The Graduate Institute at St. John’s College Santa Fe
As a student in the Graduate Institute at St. John’s College, Santa Fe, you will engage questions fundamental to the human experience in a setting unparalleled for its high-desert beauty, known for fostering clarity of mind and spirit.
At the Santa Fe campus, we offer graduate degrees in Liberal Arts and Eastern Classics.
What can an encounter with the world’s great thinkers teach us about our place in the world? At the St. John’s College Graduate Institute we read the works of thinkers like Plato, Lucretius, Euclid, Descartes, Shakespeare, and Nietzsche in our Western Liberal Arts Program, and works like the Bhagavadgita, the Upanishads, the Tao Te Ching and Kalidasa in our Eastern Classics Program. We read these works together, in small seminars and tutorials, not to learn about the books and their authors, but to learn from them.
There are no lectures at St. John’s. All classes are conversations and we rely on primary sources rather than textbooks. Though you will write copiously at St. John’s, conferences, called “orals,” take the place of written examinations. You meet one-on-one with your tutor—the designation given to faculty members at St. John’s—to talk more deeply about ideas of particular interest that have come up in relation to the readings and the larger class discussions.
Graduate classes meet during 16-week semesters in the fall and spring and during an eight-week summer semester. The heart of the curriculum is the seminar, in which 17–21 students engage in a discussion initiated by a tutor’s question about the assigned reading. In the tutorial, 12–16 students focus more intensively on smaller assignments—mathematical proofs, short literary texts, or dense arguments of philosophy or political theory. The preceptorial, with 6–12 students, engages in the study of a single book or topic and requires that students write a substantial paper.
During fall and spring terms, classes meet twice a week, in late afternoons and evenings. Classes meet twice as often during the summer. Students may matriculate in any of the three sessions and take segments in any order compatible with the sequence of offerings. An optional master’s essay may be written by students who have completed at least two terms.
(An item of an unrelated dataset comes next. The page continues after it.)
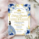 Convite Elegant Royal Blue & Gold Rose Quinceañera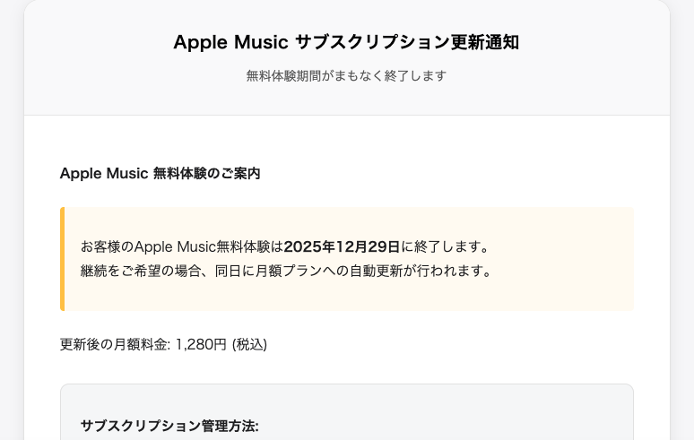 Subject: 【重要】Apple Music サブスクリプション更新通知

Why Faculty are Called Tutors
St. John’s faculty members are referred to as “tutors” rather than “professors” to signify that it is not their chief role to profess or lecture—but to guide students through the program of study. Most hold doctorates in particular fields but all teach across the curriculum. In seminars, tutorials, laboratories, and preceptorials, tutors shape discussion by asking questions, supplying helpful examples, and encouraging students to explore the implications of their own statements. During class, tutors actively listen as students work through the difficulties of a text or scientific proposition, raising questions along the way but allowing students to arrive at answers for themselves.